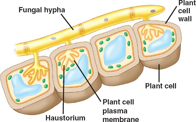 Mutualistic fungi grow specialized hyphae called
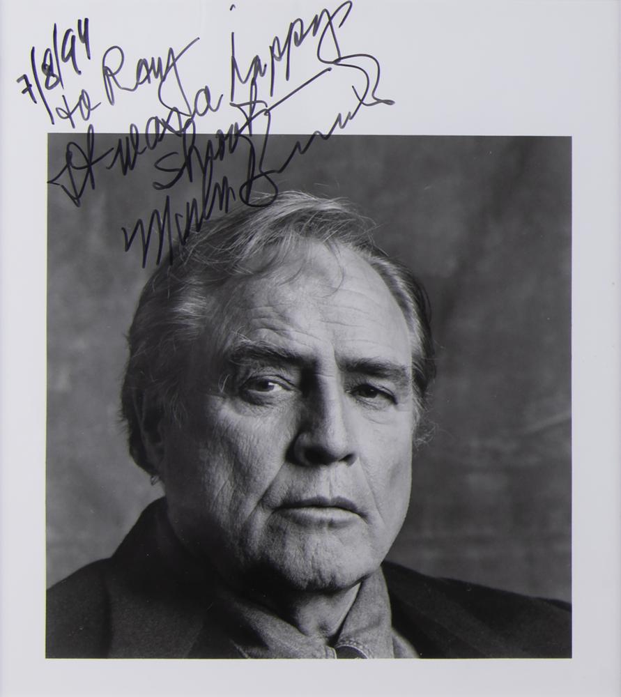 Satin-finish 7.75 x 8.75 close-up photo of an elder Brando staring into the camera, signed and inscribed in black felt tip, "To Ray, It was a happy shoot, Marlon Brando," who adds the date above, "7/8/94.” Archivally double-matted and framed to an overall size of 13.75 x 15. In very good to fine condition, with scattered light creasing.
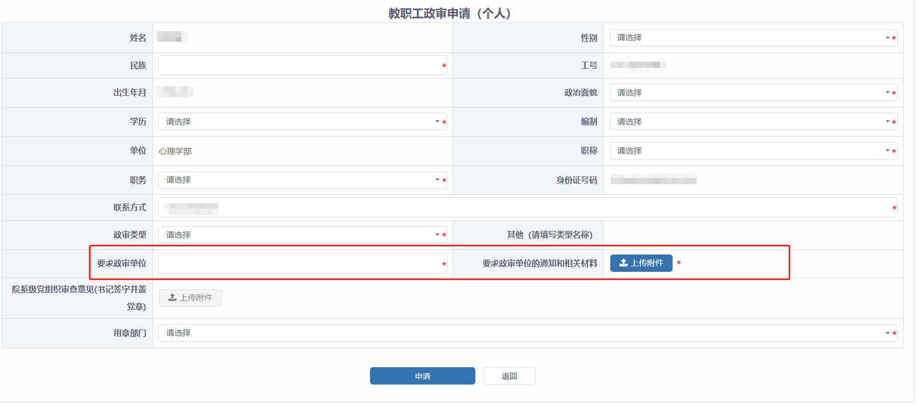 2、填报系统中要求的各项内容,完整上传要求政审单位的通知和相关说明材料,便于学部党委进行审核;
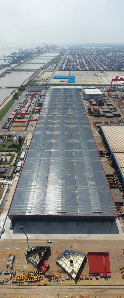 该厂房由中国船舶集团旗下中船九院设计,是国产大型邮轮建造工程的重要配套项目之一,创新采用一体化托架式先进结构形式的设计方案,并在施工中充分发挥设计引导、管理同步的优势,为工程整体稳步推进保驾护航。
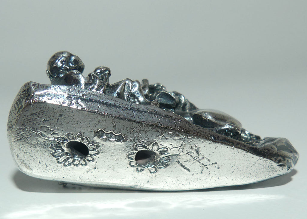 A netsuke is a miniature sculpture, originating in 17th century Japan. They can be made from boxwood, Ivory, Bone and Silver. Initially a simply-carved button fastener on the cords of an inrō box, netsuke later developed into ornately sculpted objects of craftsmanship.

Activity. All records, pictures excluded: copy them exactly.

Answer box.
 Mutualistic fungi grow specialized hyphae called
 Satin-finish 7.75 x 8.75 close-up photo of an elder Brando staring into the camera, signed and inscribed in black felt tip, "To Ray, It was a happy shoot, Marlon Brando," who adds the date above, "7/8/94.” Archivally double-matted and framed to an overall size of 13.75 x 15. In very good to fine condition, with scattered light creasing.
 2、填报系统中要求的各项内容,完整上传要求政审单位的通知和相关说明材料,便于学部党委进行审核;
 该厂房由中国船舶集团旗下中船九院设计,是国产大型邮轮建造工程的重要配套项目之一,创新采用一体化托架式先进结构形式的设计方案,并在施工中充分发挥设计引导、管理同步的优势,为工程整体稳步推进保驾护航。
 A netsuke is a miniature sculpture, originating in 17th century Japan. They can be made from boxwood, Ivory, Bone and Silver. Initially a simply-carved button fastener on the cords of an inrō box, netsuke later developed into ornately sculpted objects of craftsmanship.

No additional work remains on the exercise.